In this study, the feasibility of surface wettability modifications for practical scaled-up applications is investigated experimentally to improve water harvesting in both atmospheric and industrial scenarios. The surface wettability is changed by the developing hierarchical micro/nanostructures on surfaces, which is known to be a robust and simple method. Superhydrophilic meshes (SHPMs) and superhydrophobic meshes (SHBMs) are fabricated from commercial aluminum meshes, and the performances of these meshes with different surface wettability characteristics are compared for simulated atmospheric and industrial fog harvesting.

Materials and Methods

Fabrication of Surface-Modified Mesh

Two commercial aluminum meshes (Goodfellow, Huntingdon, UK) were used as the base meshes (BM). The specifications of the BMs are summarized in Table 1. Porosity is the fraction of projected area occupied by the space and the SC and is expressed as 1. The BMs were dipped in 1 M sodium hydroxide (NaOH, bead, 98.0%, Samchun Chemical, Seoul, Republic of Korea) solution at 25°C for 1 min, and the residual solution was removed with deionized water (DI water). Thereafter, the meshes were etched in 2 M hydrochloric acid (HCl, 35.0–37%, Samchun Chemical, Seoul, Republic of Korea) solution at 25°C for 5 min. The etched meshes were cleaned with DI water. Subsequently, the meshes were immersed in NaOH solution for 5 s and in hot DI water (above 90°C) for 10 min, before being dried in an oven at 60°C. Through this process, SHPMs were obtained. The SHBM was fabricated by soaking one SHPM for 10 min in a solution of normal hexane (n-hexane, 96%, Samchun Chemical, Seoul, Republic of Korea) mixed with 0.1% v/v heptadecafluoro-1,1,2,2-tetrahydrodecyl trichlorosilane (C₁₀H₄C_l3F₁₇Si, HDFS, Gelest) for fluorination. After fluorination, the SHBM was dried in an oven at 175°C. The process has been described in detail in a previous study [28].

TABLE 1

Table 1. Specifications of base meshes used in this study.

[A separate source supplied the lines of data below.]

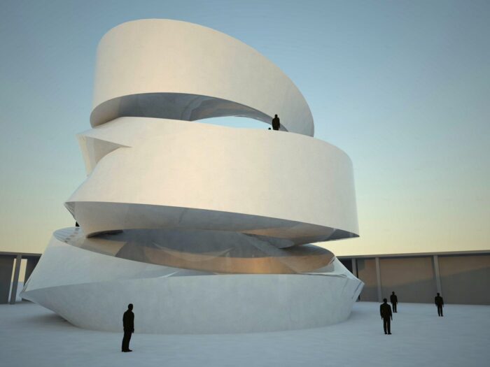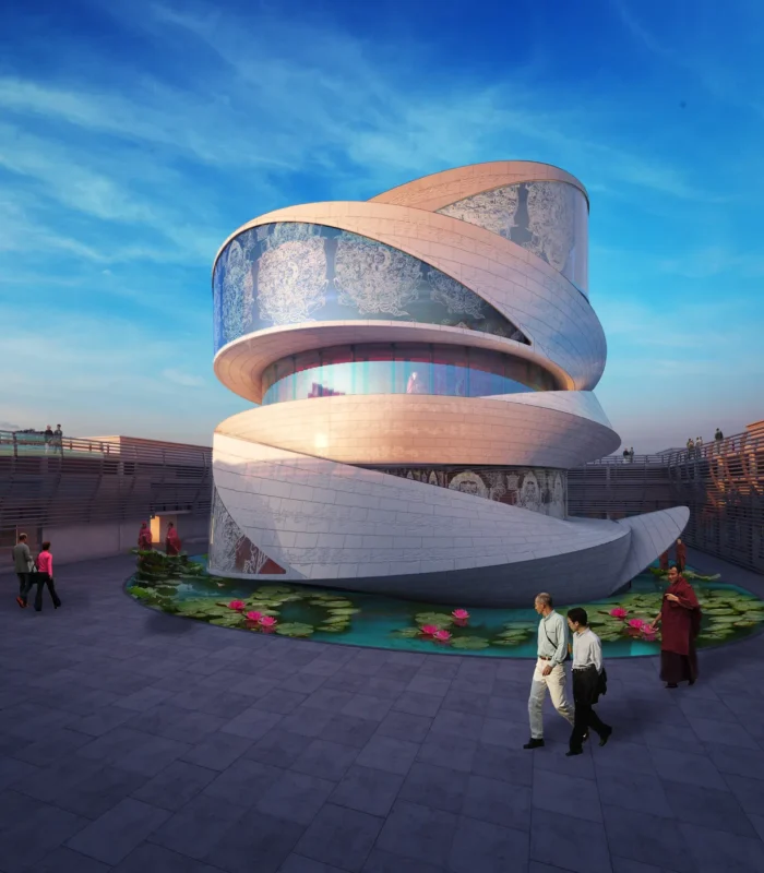 The  Buddhism temple , designed by Miliy Design, based on the concept of reincarnation and envisioned for a location in Chinese city of Taichang. The essence of Buddhism’s Sutra is so called “formlessness”. Based on this, the form searching of the architecture becomes the path from the beginning to the end, while the shape of the project allows the inner and outer surface to meet in the same point seamlessly. The prototype of Buddhism’s temple is from ancient time and based on ancient tectonic and space defining logic. With the aid of digital design and fabrication techniques, the solution will have different possibilities.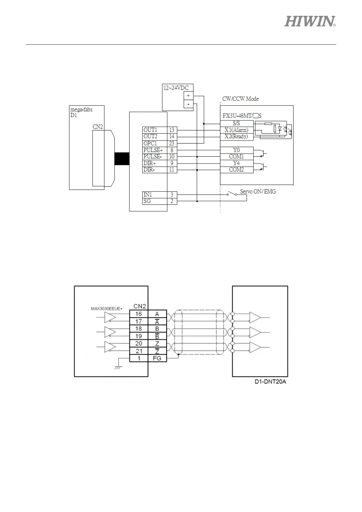 (2) In the figure below, Mitsubishi PLC FX3U-48MT/□S is used as the example for the wiring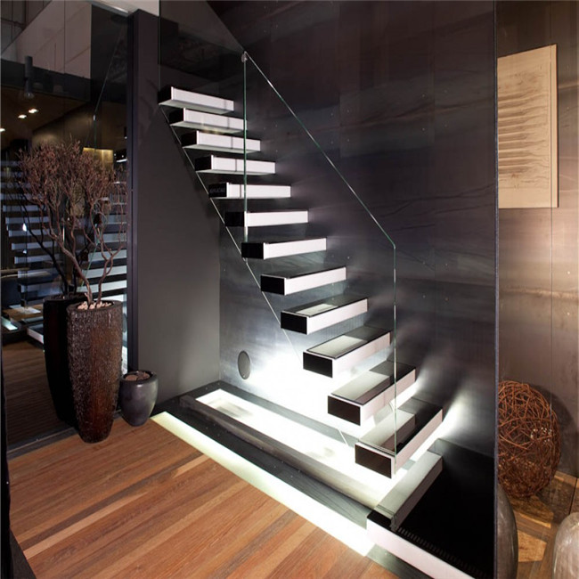 Frameless Terrace Glass Steel Straight Staircase For Indoor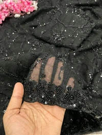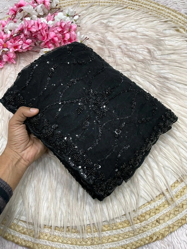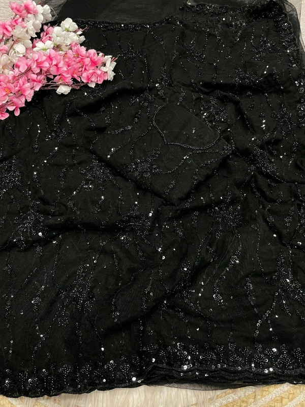 Celebrity Inspired Soft Net Saree With Self Colour Sequence And Beads Work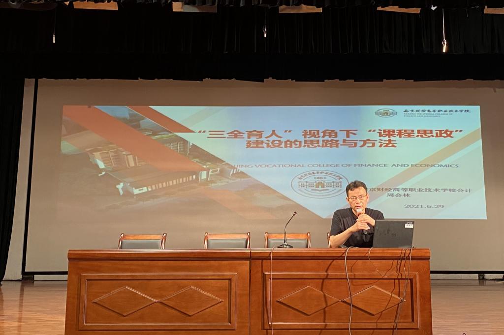 首先,会计系周会林主任作了题为《“三全育人”视角下课程思政的建设思路与方法》的讲座,提出要做好顶层设计,强化育人理念,丰富教学方式,注重隐形育人、协同育人,关注学生信息多元化渠道。周主任主持的《真账实训》课程被列为省级课程思政示范课程项目,他在会上分享了该项目的建设经验。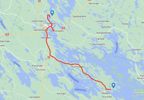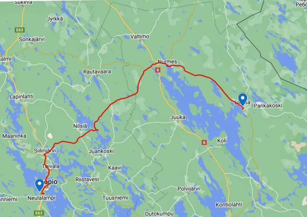 Varkaus - Palikki - Uusi Valamo - Joensuu ----- 142 km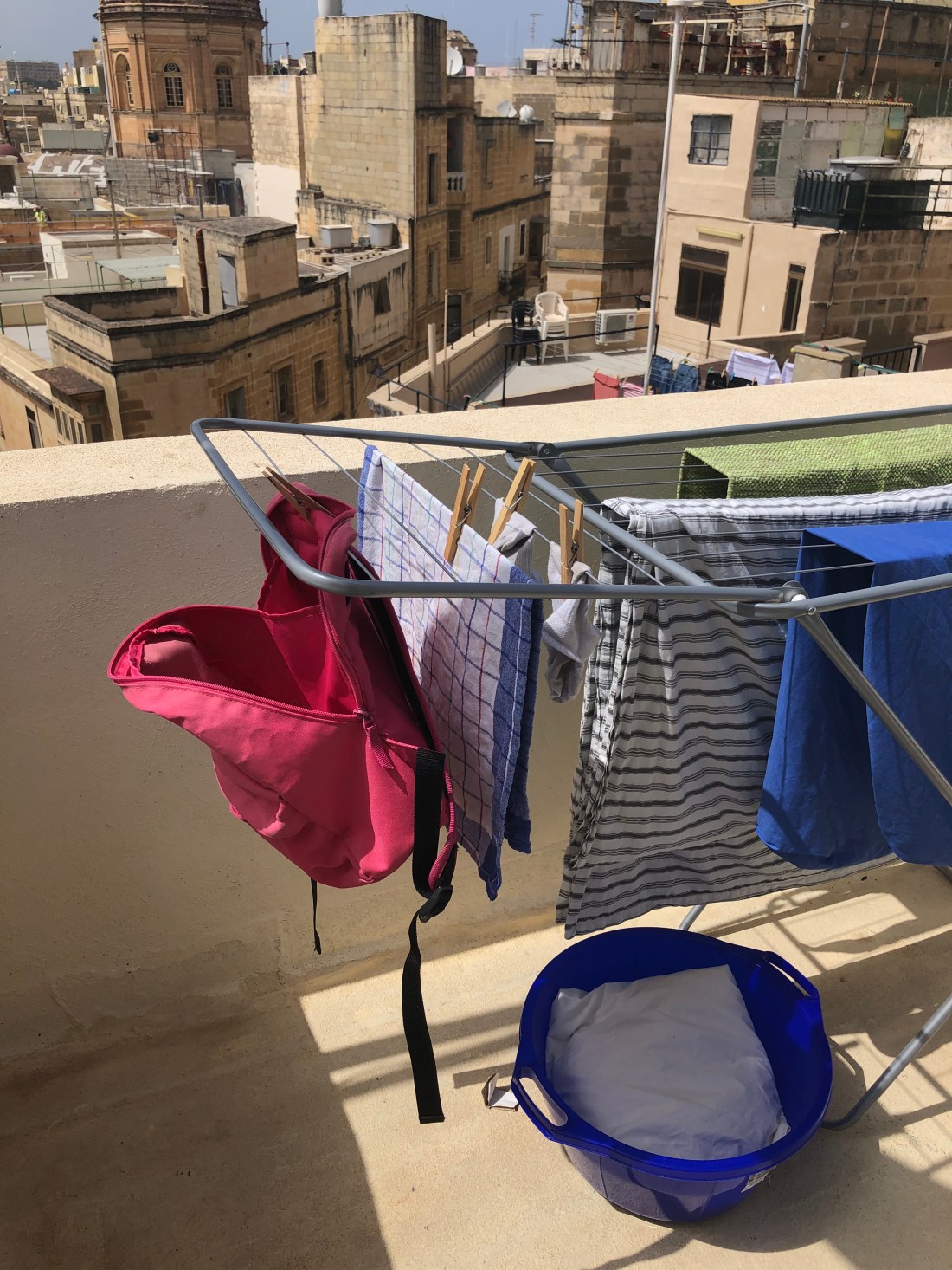 Even the pink backpack got a wash! Along with sheets, towels, mats, deck, floors, steps, bathrooms, kitchens and feet!

Characterization of Fabricated Mesh

The surface structures of the meshes were examined using field-emission scanning electron microscopy (FE-SEM, S-4800, Hitachi, Tokyo, Japan), and images were obtained at an acceleration voltage of 15 kV. The static contact angles on the fabricated meshes were measured using a drop shape analysis system (Phoenix 300 Touch, SEO). A 5-ml droplet of distilled water was used for contact angle measurements. The contact angles were averaged over at least 10 readings at different locations on each specimen at 25°C.

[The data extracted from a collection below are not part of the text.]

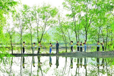 在江西万载县马步乡洞口村,老师和学生们在柳树下阅读。邓龙华摄/光明图片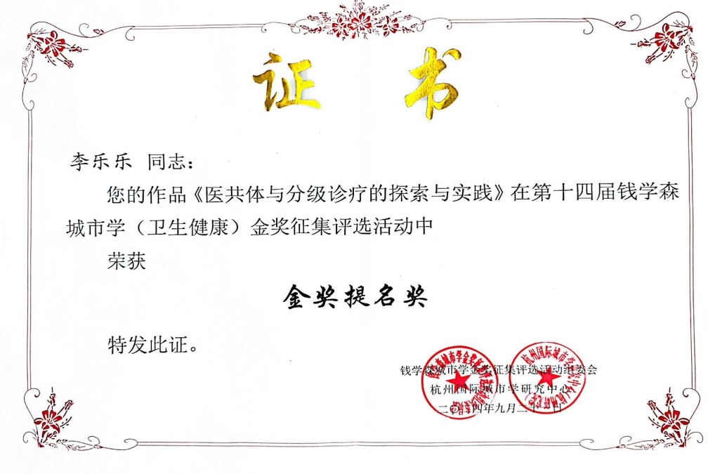 近日,第十四届“钱学森城市学金奖”评选结果正式揭晓。色情动漫李乐乐副教授出版的专著《医共体与分级诊疗的探索与实践》荣获第十四届钱学森城市学(卫生健康)金奖提名奖。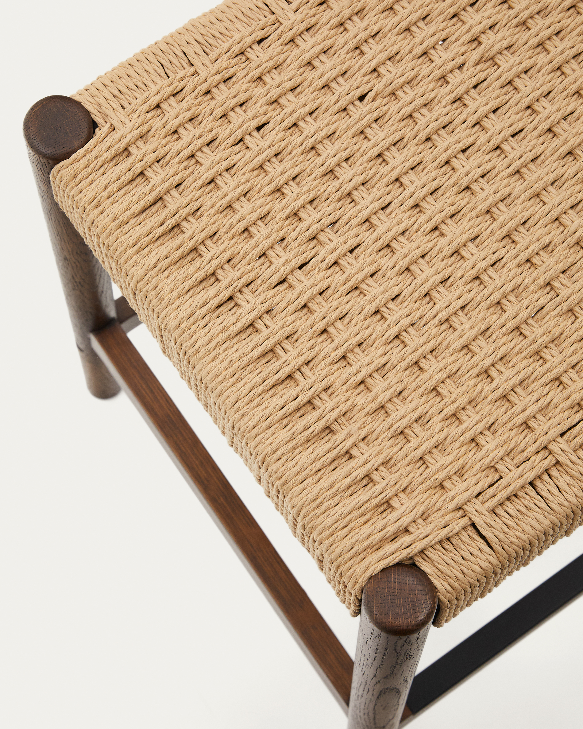 Yalia stool in solid oak wood in a walnut finish and rope cord, height 65 cm FSC 100%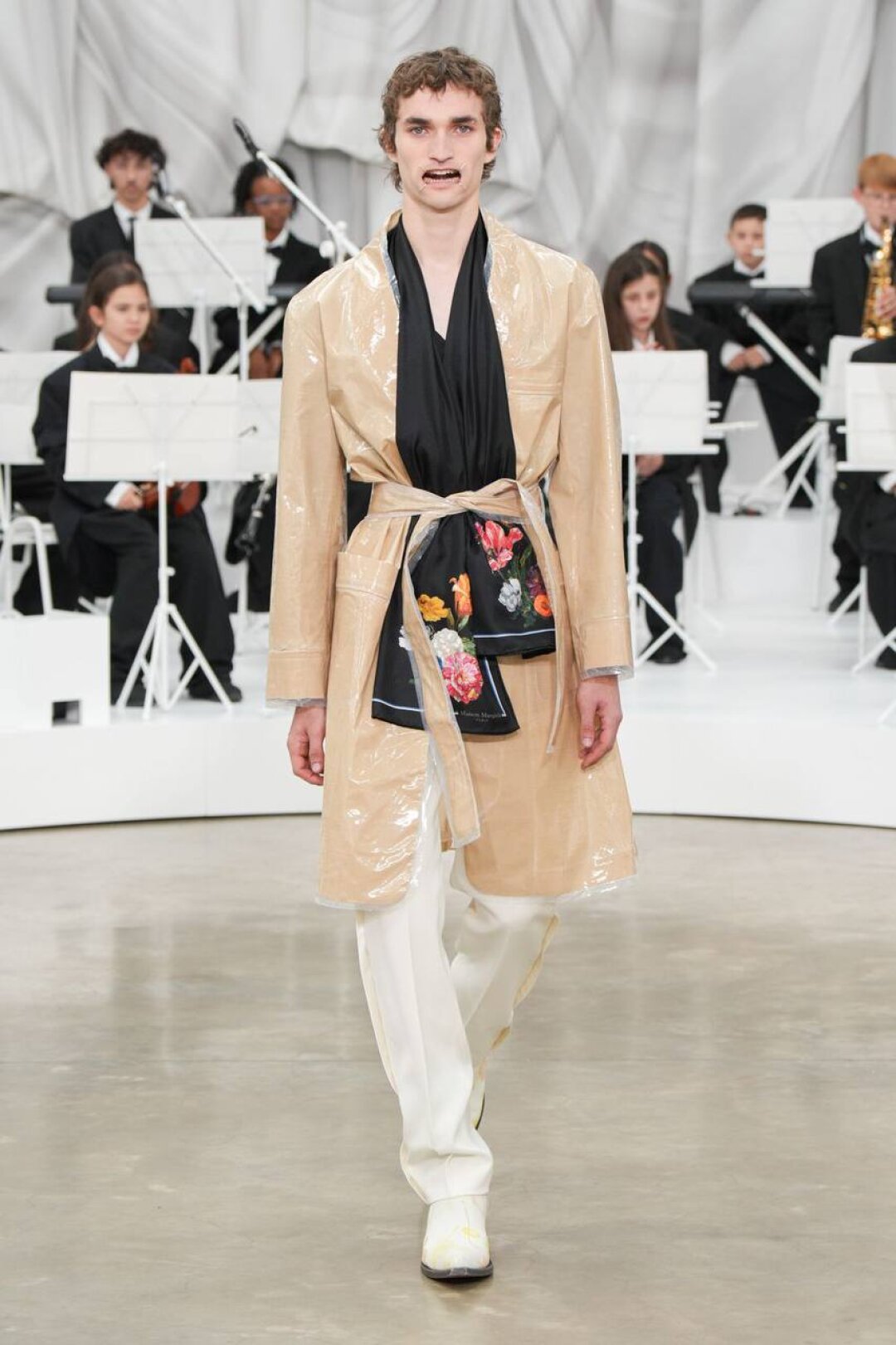 Дизайнер намекнул на весенне-летний сезон обилием цветочных принтов: Мартенс замиксовал флористический жакет с потрескавшейся краской (эффект будто живущей, увядающей и трансформирующейся вещи — один из любимых в арсенале самого Маржелы!) с юбкой Франкенштейна, показал сложносочиненные драпированные платья и сверкающие юбки, а еще — дополнил покрытые винилом плащи-халаты шелковыми платками с разноцветными букетами. Отец основатель помахал рукой не только через состаренный жакет, но и обмотанные скотчем платья в финале шоу, мужские лоферы с обрезанным мысом (peep-toe for men!) и фирменные четыре стежка, фиксирующие губы моделей наподобие стоматологического ретрактора.

Scaled-Down Atmospheric Fog Harvesting

Figure 1 shows the experimental configurations for simulated atmospheric fog harvesting. The apparatus was composed of a humidifier for fog generation, a fan, and two concentric acrylic cylinders with diameters of 100 and 60 mm, respectively. The sizes of the mesh samples were the same as that of the inner cylinder. The fog collection amount was strongly influenced by the air stream velocity (V₀), which was controlled by the voltage applied to the fan and the distance (s) between the mesh and the fog tube. In all experiments, s and V₀ were fixed at 10 mm and 1.7 m/s, respectively. The amount of fog generated (W_gen) was calculated by measuring the reduction in the weight of the humidifier. The harvested water (W_coll) was collected in a reservoir located under a mesh sample, and the amount of water collected was determined by measuring the increase in the weight of the reservoir. Changes in both weights were measured every 5 min for 30 min. The measurement values of at least three consecutive experiments were averaged. To check the durability, the performances were measured at an interval of 1 week after exposure to surrounding environments.

FIGURE 1

Figure 1. Schematic (left) and image (right) of an experimental setup for simulated natural fog harvesting.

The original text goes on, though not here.